How Inequity and Deservingness Propel Readers Through Story

Inequity and deservingness are two of the main factors that keep readers reading. If we want to write killer stories, we need to know how they affect readers. A few years ago I wrote an essay on this and thought it probably too technical for most folks’ taste. But I passed it on to a recent attendee of the killer workshop and he found it helpful. In fact, when he watched Pride & Prejudice shortly after reading the essay, he saw how these factors dramatically affected his rooting interest. So I’m thinking others will find it useful as well. 

In order to understand it you must first read George Saunders’ short story “The Bohemians.” You’ll find it here in The New Yorker, January 19, 2004. It would probably be rated PG for some profanity.

Now if the story doesn’t pull you in, stop reading. Because the essay probably won’t make any sense to you. You’ll only be able to understand it if the story works for you. But if it does, then ask yourself what the main character’s problem was and what drew your interest? Then read my essay, “How Inequity Evokes Reader Interest.”

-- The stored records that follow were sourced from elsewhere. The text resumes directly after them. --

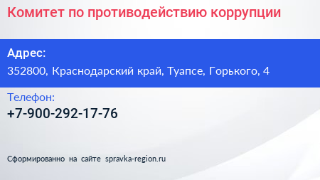Комитет по противодействию коррупции по адресу 352800, Краснодарский край, Туапсе, Горького, 4 в дальнейшем Организация, размещена в следующих категориях:
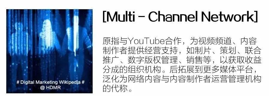 随着 MCN 数量的增加,一些早期玩家开始提供跨平台的内容运营与广告投放服务,逐渐形成 MPN(multi-platform network)模式,也有不少内容网络放弃了大而全的运营思路,转向细分领域,如美妆、游戏、美食等。
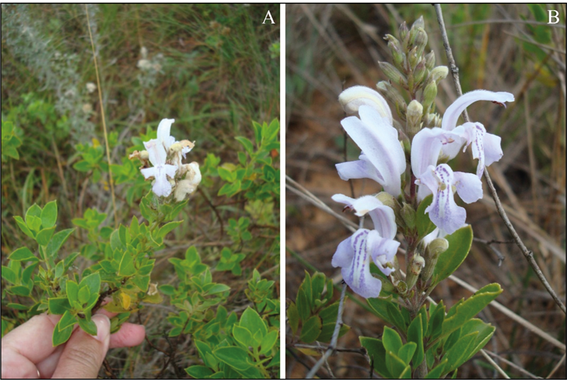 Figure 9 – A. Hesperozygis ringens (Benth.) Epling (Lamiaceae) population sandy fields; B. Inflorescence detail

Please note “The Bohemians” does present a character with a problem, and the story cycle applies, but not in the straight-forward manner it does with most stories. BTW, if you’ve ever read Patrick Rothfuss’s excellent Name of the Wind, you’ll see inequity is what shapes the story there as well. If you haven’t read it, I recommend you give it a go.

I’ll be interested to see your responses to Saunders’ story, my essay, and/or Rothfuss’s novel.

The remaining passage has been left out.